* _Work instruction_: Leave out the pictures and repeat exactly the lines from the one containing "Já na reta final, Vinicius" through the end of the records.

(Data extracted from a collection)
= Beginning of Section =

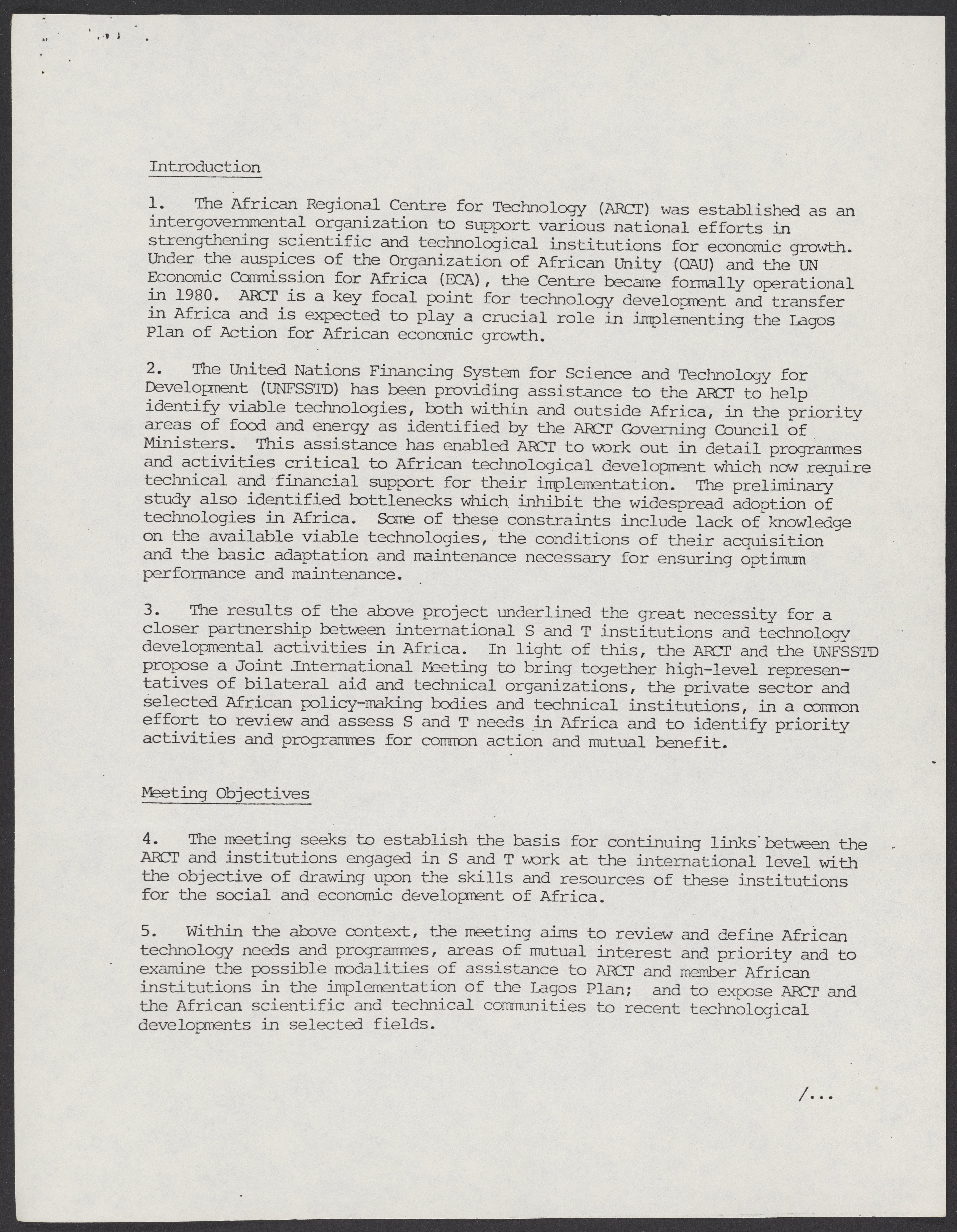 Aide-mémoire on the Joint Meeting on International Co-operation for African Technological Development
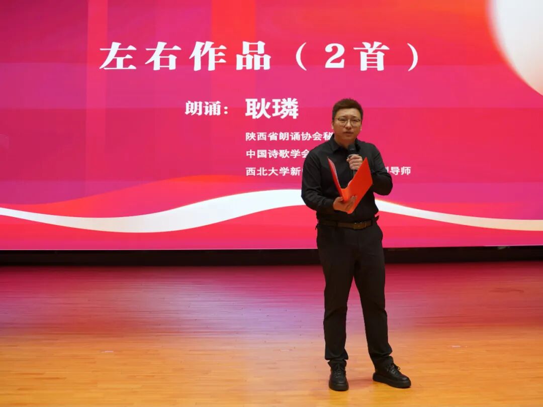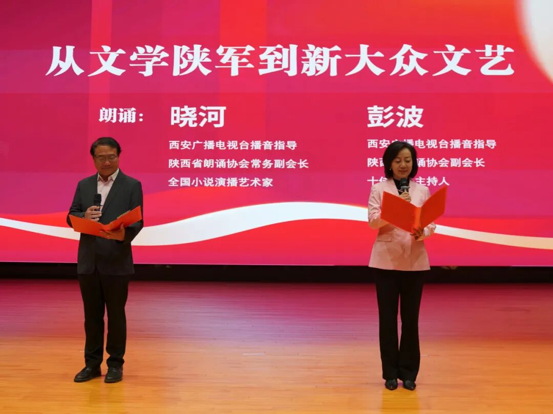 朗诵环节,陕西省朗诵协会的艺术家们用声音赋予文字以温度。朗诵协会副会长彭波深情演绎了外卖员诗人王计兵的作品,“赶时间的人没有四季,只有一站和下一站”,让人感受到奔走于街巷间的坚韧与诗意;朗诵协会秘书长耿璘朗诵的左右诗作《裂缝》,引发了关于个体与世界的深邃叩问。随后,彭波与朗诵协会常务副会长晓河联袂朗诵会议主题原创作品《从文学陕军到新大众文艺》,艺术化地勾勒了三秦文脉薪火相传、生生不息的动人画卷。
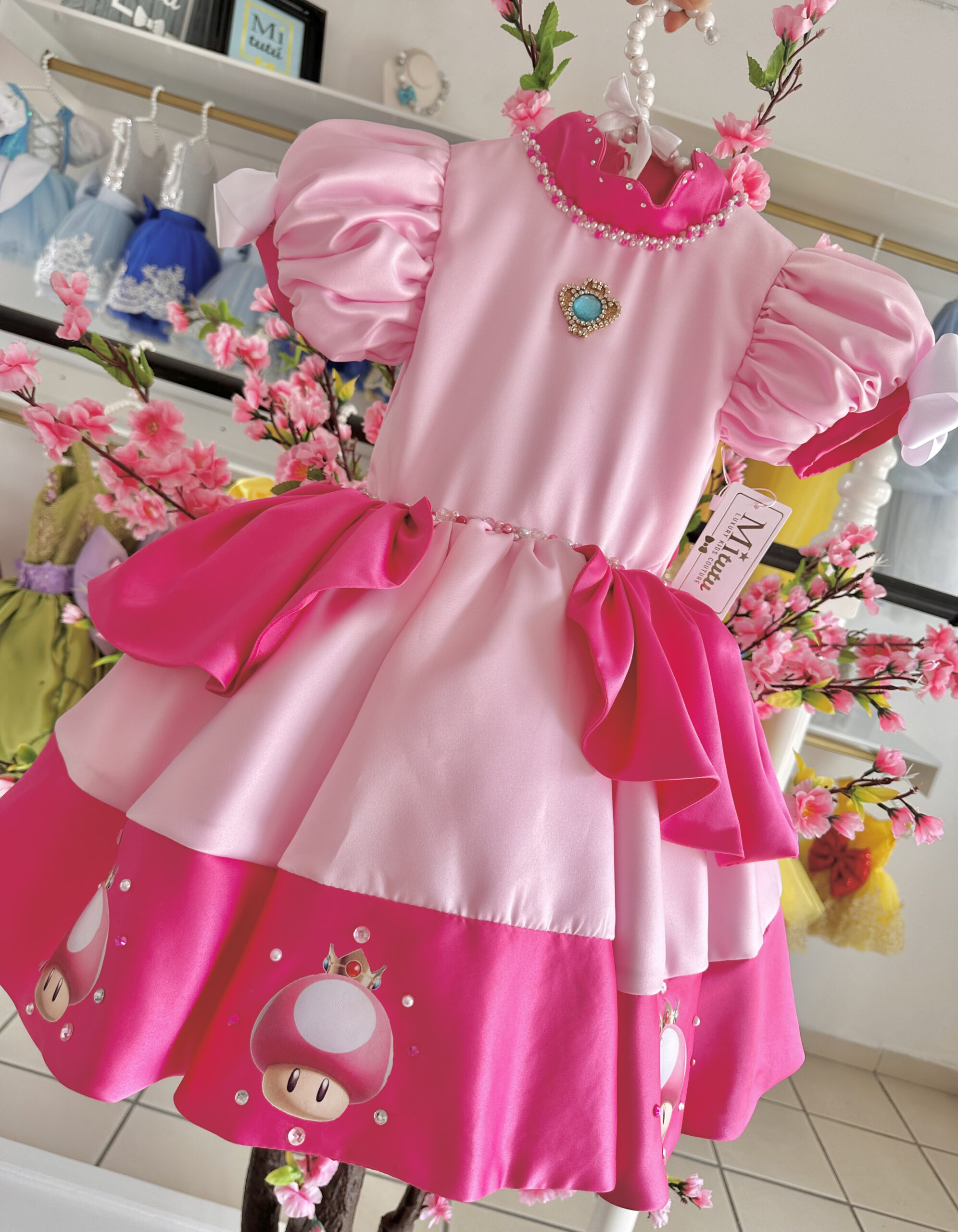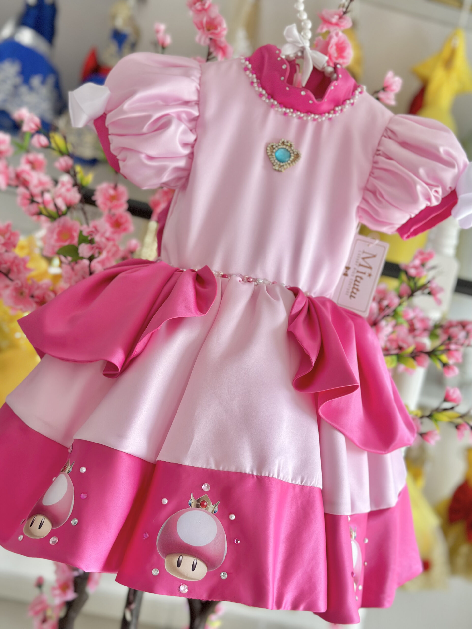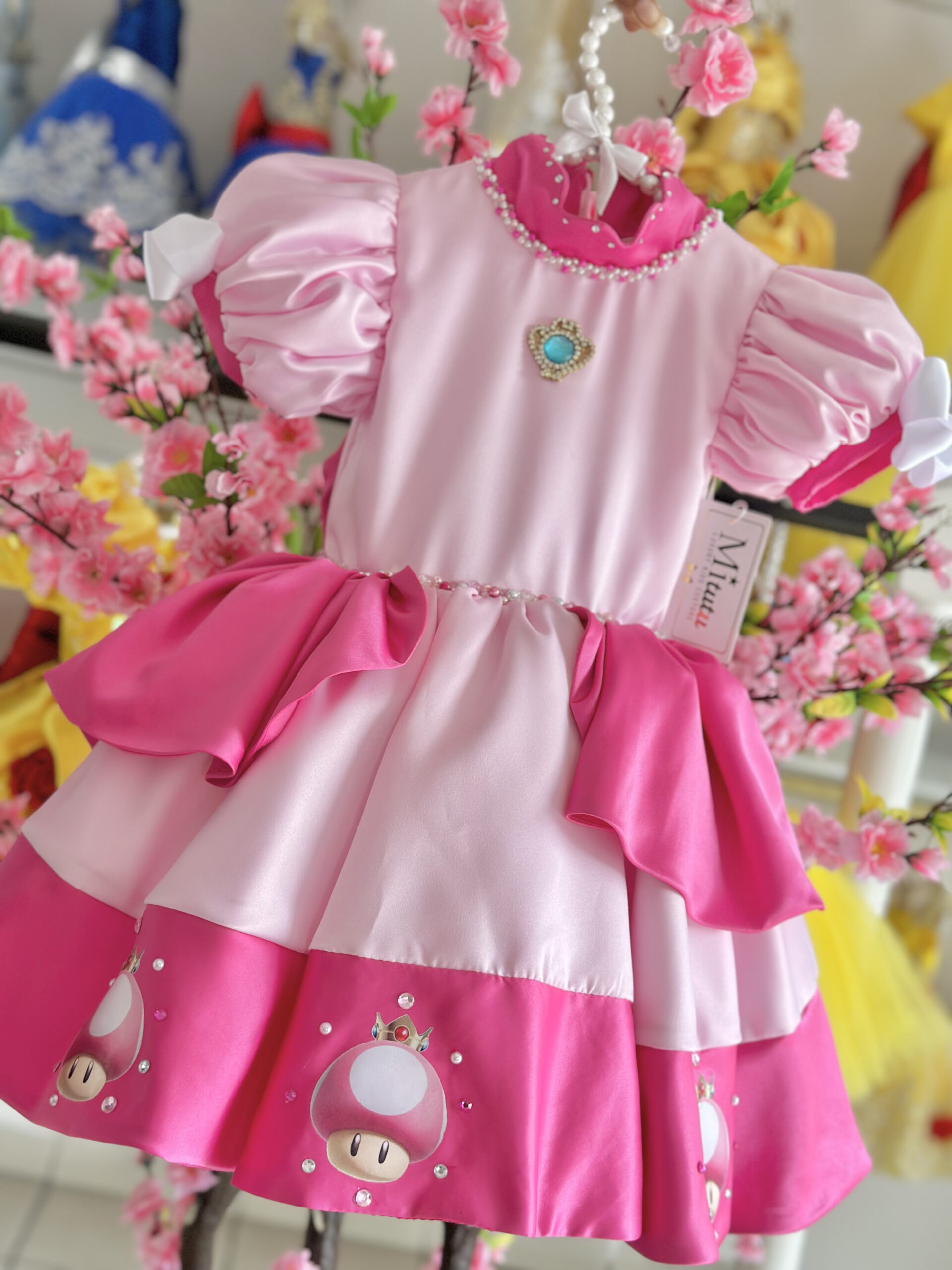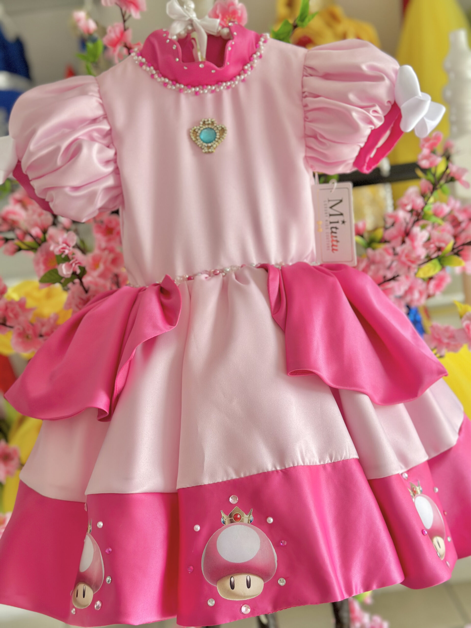 Encantador vestido inspirado en la Princesa Peach de la película de Mario Bros. Cada detalle de este vestidito está adornado con bordados hechos a mano, elevando la calidad y el encanto. Con un modelo corto a la rodilla y una esponjosidad irresistible. Una elección que transformará la ocasión en una fiesta llena de alegría y fantasía.
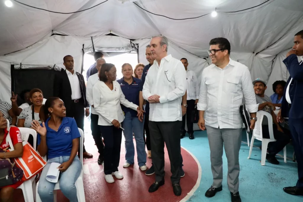 SANNTO DOMINGO.- El presidente Luis Abinader encabezó este viernes la cuarta jornada del operativo médico “Más Salud y Bienestar”, realizada en el Centro Educativo San Vicente de Paul, ubicado en el sector de Los Mina, iniciativa organizada por el Ministerio de Salud Pública en coordinación con el Ayuntamiento de Santo Domingo Este en el sector de .
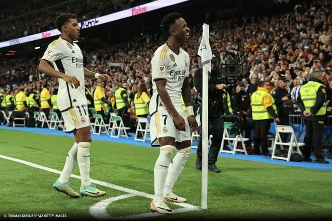 Já na reta final, Vinicius Júnior foi substituído e ganhou muitos aplausos dos torcedores do Real Madrid. Deu tempo para mais, ainda com brilho brasileiro. Aos 39, Rodrygo recebeu de Fran García, tirou fácil da marcação e de pé esquerdo mandou mais uma bola para a rede. Do outro lado, depois de perder grandes chances, Hugo Duro marcou aos 43, quando completou de primeira dentro da área. 5 a 1 para os merengues.
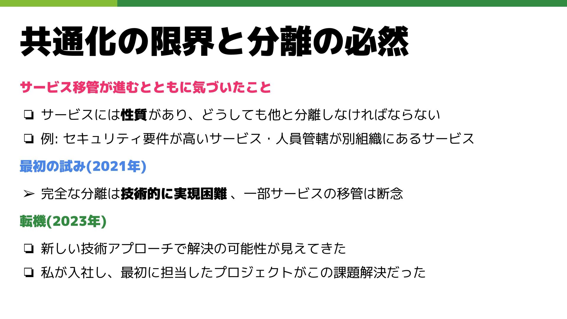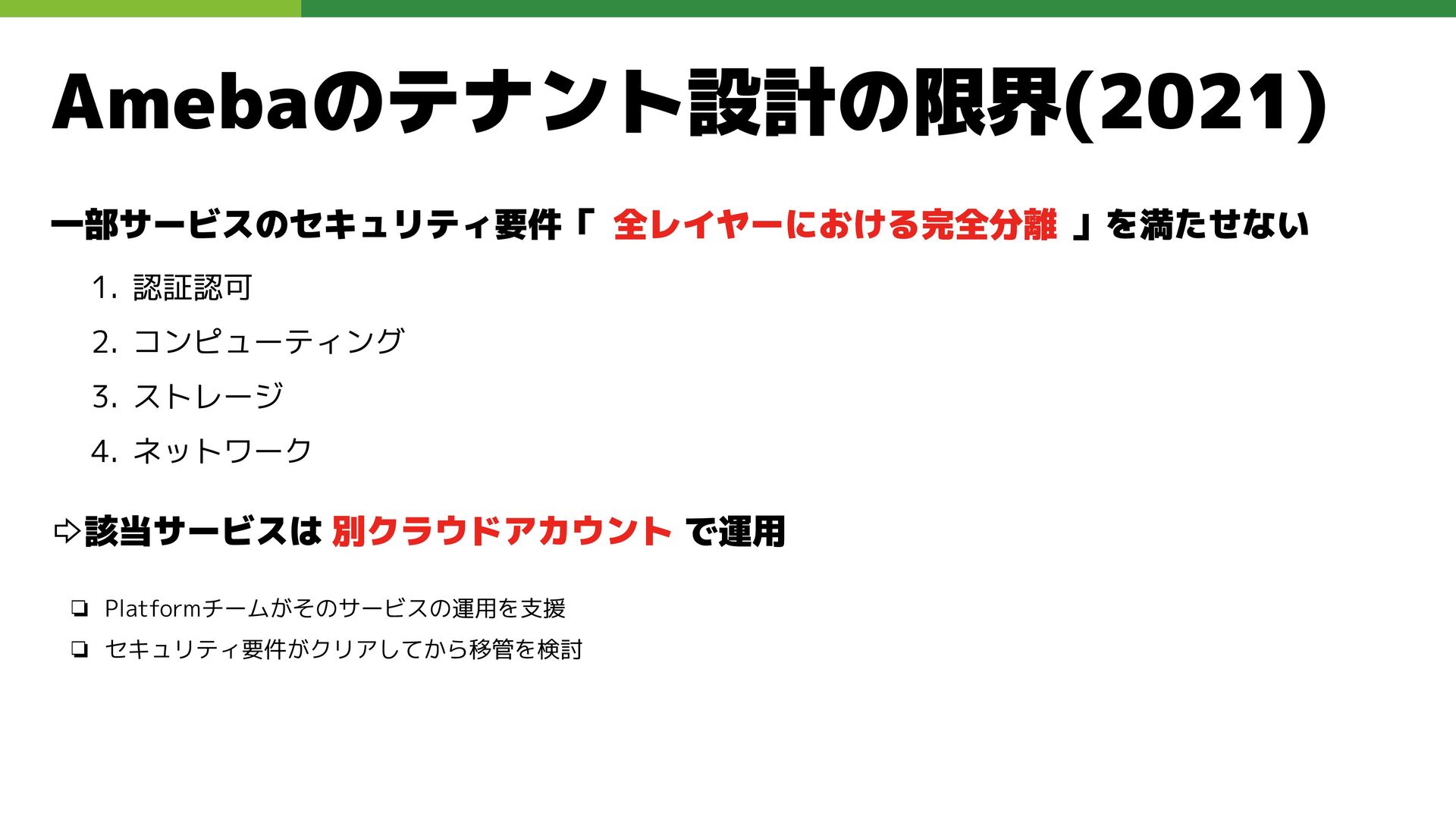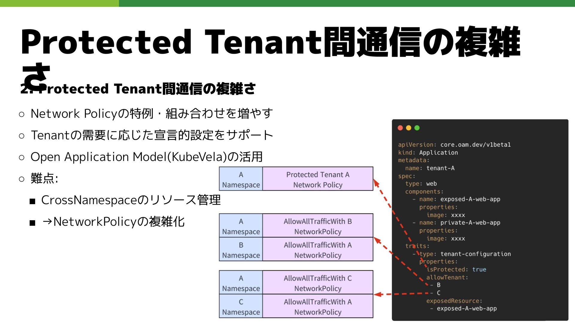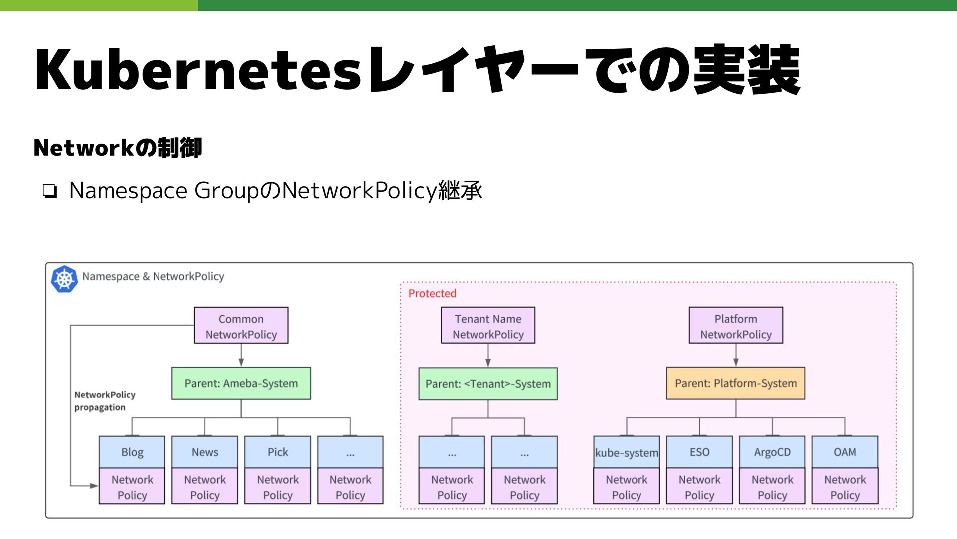 2021年当時、EKS上StableなNetwork Policyソリューションがない ◦ Pod to AWS: 2021年当時、Security Groups for Pod機能がIstioと衝突があったため、使用不可 ❏ 2023年以降いずれも改善された ✅ ◦ Pod to Pod: EKS vpccniにL4のNetwork Policy が実装 ◦ Pod to AWS: Security Groups for Pod 再検証した結果、衝突現象が解消された ❏ DB/CacheのSGでPod SGのみを許可する ◦ Network PolicyがL7まで対応できたら、Security Groups for Podが不要になる

= End of Section =

* _Solution for this task_:
 Já na reta final, Vinicius Júnior foi substituído e ganhou muitos aplausos dos torcedores do Real Madrid. Deu tempo para mais, ainda com brilho brasileiro. Aos 39, Rodrygo recebeu de Fran García, tirou fácil da marcação e de pé esquerdo mandou mais uma bola para a rede. Do outro lado, depois de perder grandes chances, Hugo Duro marcou aos 43, quando completou de primeira dentro da área. 5 a 1 para os merengues.
 2021年当時、EKS上StableなNetwork Policyソリューションがない ◦ Pod to AWS: 2021年当時、Security Groups for Pod機能がIstioと衝突があったため、使用不可 ❏ 2023年以降いずれも改善された ✅ ◦ Pod to Pod: EKS vpccniにL4のNetwork Policy が実装 ◦ Pod to AWS: Security Groups for Pod 再検証した結果、衝突現象が解消された ❏ DB/CacheのSGでPod SGのみを許可する ◦ Network PolicyがL7まで対応できたら、Security Groups for Podが不要になる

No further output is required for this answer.